# Killington 1/14-16



## steamboat1 (Jan 12, 2015)

I'll be around Wed.-Fri. if anyones interested. My mom & pop are coming up too, 87 & 85 years old respectively. They won't be skiing unfortunately, wish they still could.


----------



## steamboat1 (Jan 18, 2015)

steamboat1 said:


> I'll be around Wed.-Fri. if anyones interested. My mom & pop are coming up too, 87 & 85 years old respectively. They won't be skiing unfortunately, wish they still could.


Only got to ski a 1/2 day on Thurs. afternoon. After 5hrs on the road Wed. morning my timing belt broke on my Subi just as I was going over Sherburne Pass near Pico. Spent the rest of the day at the Subaru dealer in Rutland. Took car service to our lodge & met up with my parents, thank god they were up this week. My car is still in VT. at the dealer. Besides a new timing belt the car needs a valve job. I'm very lucky the entire engine wasn't fried. My mechanic in NY has a problem since I just put a new timing belt in the car 2 weeks ago doing preventive maintenance so something like this didn't happen. He's going to pay me over 2 grand for the cost of repairing the car in VT. That's about what he charged me for doing the preventive maintenance, new belts, hoses, front struts & bearings. I'll have to get back up to VT. sometime this week to pick up the car.


----------



## joshua segal (Jan 18, 2015)

steamboat1 said:


> ...
> He's going to pay me over 2 grand for the cost of repairing the car in VT. That's about what he charged me for doing the preventive maintenance, new belts, hoses, front struts & bearings. I'll have to get back up to VT. sometime this week to pick up the car.


I will be very curious to hear if your dealer pays off without a trip to small claims court.  Please post follow-up. Alternatively, if you paid for it on certain credit cards, call them and stop payment.


----------



## Tin (Jan 18, 2015)

steamboat1 said:


> Only got to ski a 1/2 day on Thurs. afternoon. After 5hrs on the road Wed. morning my timing belt broke on my Subi just as I was going over Sherburne Pass near Pico. Spent the rest of the day at the Subaru dealer in Rutland. Took car service to our lodge & met up with my parents, thank god they were up this week. My car is still in VT. at the dealer. Besides a new timing belt the car needs a valve job. I'm very lucky the entire engine wasn't fried. My mechanic in NY has a problem since I just put a new timing belt in the car 2 weeks ago doing preventive maintenance so something like this didn't happen. He's going to pay me over 2 grand for the cost of repairing the car in VT. That's about what he charged me for doing the preventive maintenance, new belts, hoses, front struts & bearings.

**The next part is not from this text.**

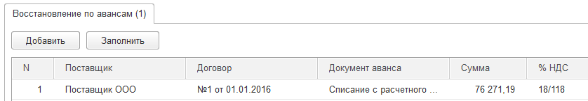 В открывшемся документе переходим на закладку «Восстановление по авансам» и нажимаем кнопку «Заполнить»: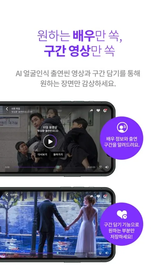 • AI 얼굴인식 기능을 통해 배우 출연씬 영상을 제공하고, 원하는 출연씬을 담아 이어보기할 수 있습니다.

I'll have to get back up to VT. sometime this week to pick up the car.




Did the belt actually break or was it the tensioner? Very very rare for a belt like that to snap, a lot of mechanics forget about the tensioners. As much as I like my Volvo I hate interference engines. I can't believe it is only 2k for the new belt and valve job. To take the head off and do the valves you're generally looking at almost double that. I would also be worried about the tops of the pistons. Good luck with it. Sorry to hear.

Does yours have the pos paper head gaskets too?


----------



## steamboat1 (Jan 18, 2015)

Tin said:


> Did the belt actually break or was it the tensioner? Very very rare for a belt like that to snap, a lot of mechanics forget about the tensioners. As much as I like my Volvo I hate interference engines. I can't believe it is only 2k for the new belt and valve job. To take the head off and do the valves you're generally looking at almost double that. I would also be worried about the tops of the pistons. Good luck with it. Sorry to hear.
> 
> Does yours have the pos paper head gaskets too?


Belt was shredded. They mentioned that some mechanics don't know how to do the tensioning properly. Besides that one of the pulleys that the belt goes around was loose. Also there was a guard on top that was completely missing. They had to tear down the engine before they could even determine whether it was repairable ($650). They told me the pistons are good & that's the reason it's repairable. If the pistons were shot I was looking at having to buy a new engine. Before they even tore down the engine they told me there was only a 20%-30% chance that the engine would be repairable. That's a chance I had to take or I could just throw away the car. I already spoke to my mechanic in NY & he said he would make good on the repair cost. I have no idea what type of head gaskets were in the car. Yes I was quoted $2200 for the total cost of the repair

Despite my misfortune it could have been a lot worse. I was already close to my destination when it happened. I could have been in the middle of nowhere since I took the Taconic Pkwy up. There was a Subaru dealership only 10 miles from where I broke down. Like I mentioned my parents were up so I had a way of getting around & getting home. I'm usually by myself up there during the week. Yeah it sucks that it happened since I did all I can to avoid a situation like this but like I said it could've been a lot worse.


----------